What is required. Output only the lines of the entries that follow, starting at the one with "The 5 bedrooms" and running down to the one with "Дтп с мото на", both included and unchanged.

Recorded data.

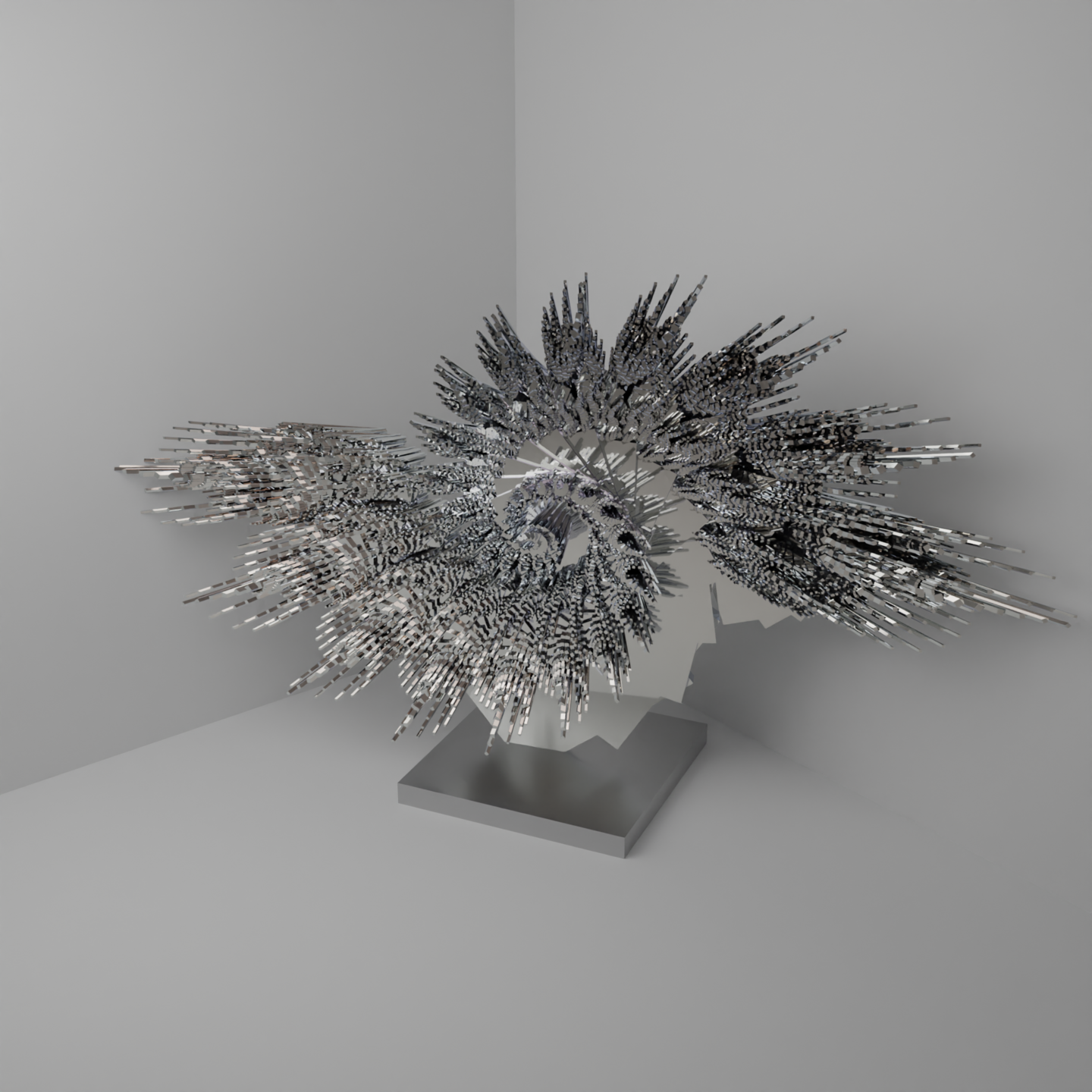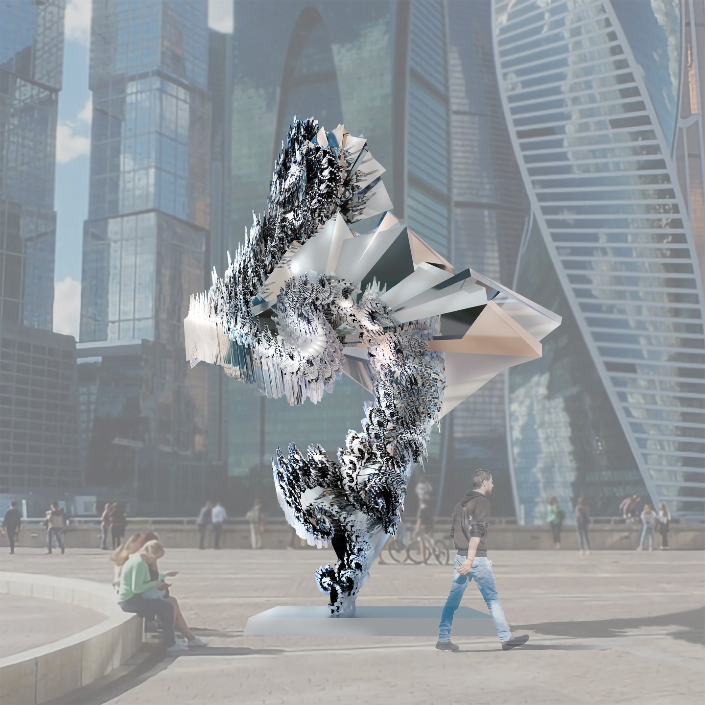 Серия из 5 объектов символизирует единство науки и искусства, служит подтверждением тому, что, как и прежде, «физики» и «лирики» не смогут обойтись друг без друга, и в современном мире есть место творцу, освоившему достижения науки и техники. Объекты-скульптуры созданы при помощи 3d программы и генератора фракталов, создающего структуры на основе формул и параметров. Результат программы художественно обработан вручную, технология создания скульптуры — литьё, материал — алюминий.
* * *
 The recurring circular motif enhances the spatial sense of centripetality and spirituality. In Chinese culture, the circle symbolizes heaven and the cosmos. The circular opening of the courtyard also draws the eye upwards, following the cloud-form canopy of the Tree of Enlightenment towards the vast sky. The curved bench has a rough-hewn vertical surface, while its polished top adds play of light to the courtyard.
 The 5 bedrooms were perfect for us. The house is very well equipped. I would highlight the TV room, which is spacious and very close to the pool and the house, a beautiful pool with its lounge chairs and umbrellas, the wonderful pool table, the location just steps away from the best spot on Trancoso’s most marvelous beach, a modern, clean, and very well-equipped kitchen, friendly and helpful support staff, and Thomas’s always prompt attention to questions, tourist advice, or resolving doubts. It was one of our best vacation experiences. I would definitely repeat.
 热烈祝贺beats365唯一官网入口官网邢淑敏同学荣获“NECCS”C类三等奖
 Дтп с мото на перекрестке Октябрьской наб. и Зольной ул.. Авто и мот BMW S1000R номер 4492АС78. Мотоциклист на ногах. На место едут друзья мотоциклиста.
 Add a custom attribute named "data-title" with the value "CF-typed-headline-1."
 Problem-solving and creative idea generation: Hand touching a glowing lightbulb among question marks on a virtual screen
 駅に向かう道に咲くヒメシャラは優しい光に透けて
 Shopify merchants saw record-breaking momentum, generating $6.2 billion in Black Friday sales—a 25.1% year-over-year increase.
...
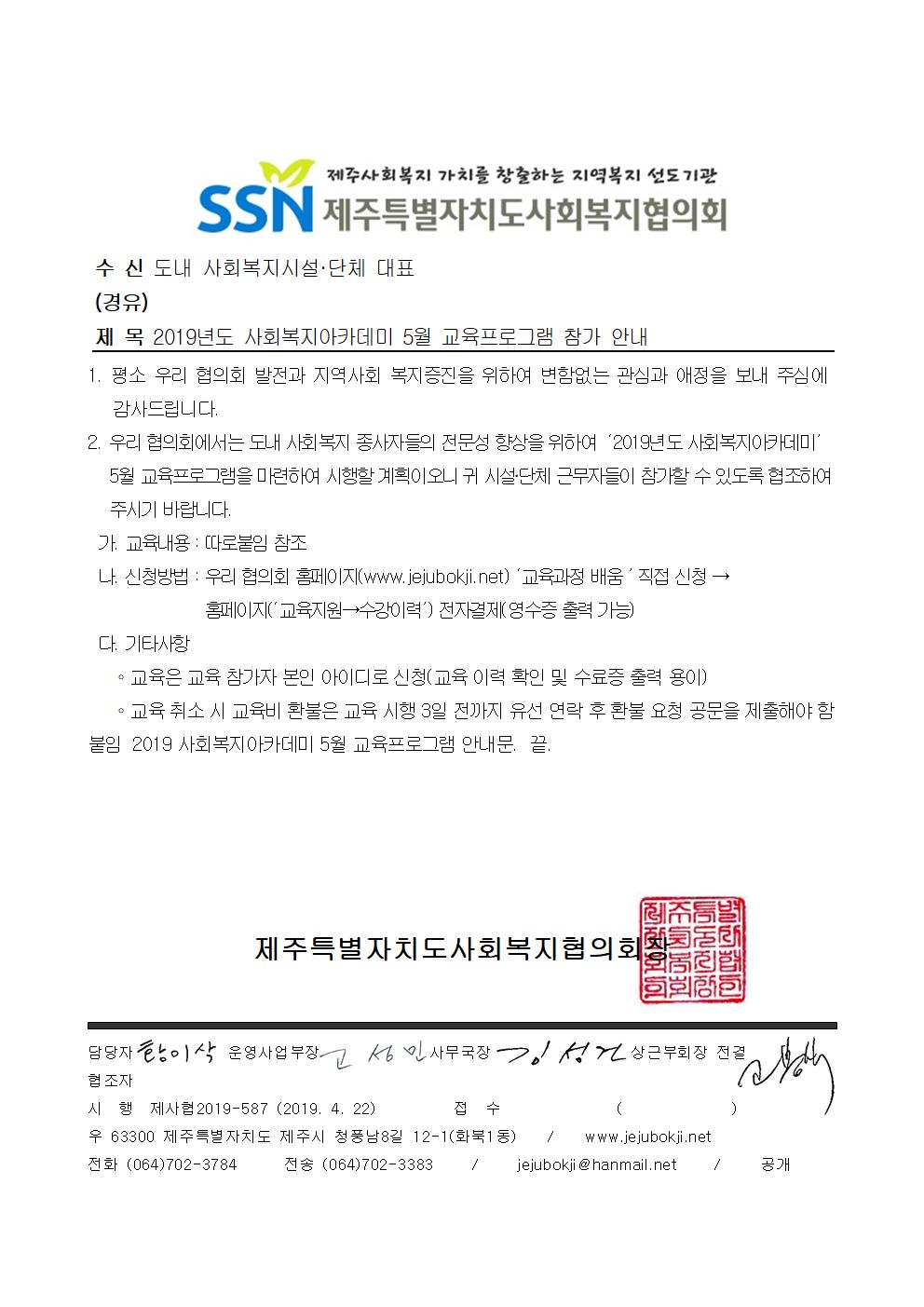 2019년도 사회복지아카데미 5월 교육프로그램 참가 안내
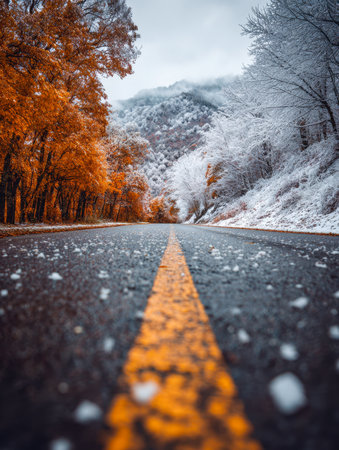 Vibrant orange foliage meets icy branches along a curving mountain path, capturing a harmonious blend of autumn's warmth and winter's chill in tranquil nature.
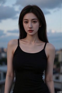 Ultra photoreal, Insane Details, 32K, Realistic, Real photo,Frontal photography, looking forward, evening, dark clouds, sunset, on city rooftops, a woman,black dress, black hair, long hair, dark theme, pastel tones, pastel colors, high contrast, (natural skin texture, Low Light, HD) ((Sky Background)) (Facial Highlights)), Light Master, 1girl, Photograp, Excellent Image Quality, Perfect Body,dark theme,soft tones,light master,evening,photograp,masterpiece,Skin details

The answer.
 The 5 bedrooms were perfect for us. The house is very well equipped. I would highlight the TV room, which is spacious and very close to the pool and the house, a beautiful pool with its lounge chairs and umbrellas, the wonderful pool table, the location just steps away from the best spot on Trancoso’s most marvelous beach, a modern, clean, and very well-equipped kitchen, friendly and helpful support staff, and Thomas’s always prompt attention to questions, tourist advice, or resolving doubts. It was one of our best vacation experiences. I would definitely repeat.
 热烈祝贺beats365唯一官网入口官网邢淑敏同学荣获“NECCS”C类三等奖
 Дтп с мото на перекрестке Октябрьской наб. и Зольной ул.. Авто и мот BMW S1000R номер 4492АС78. Мотоциклист на ногах. На место едут друзья мотоциклиста.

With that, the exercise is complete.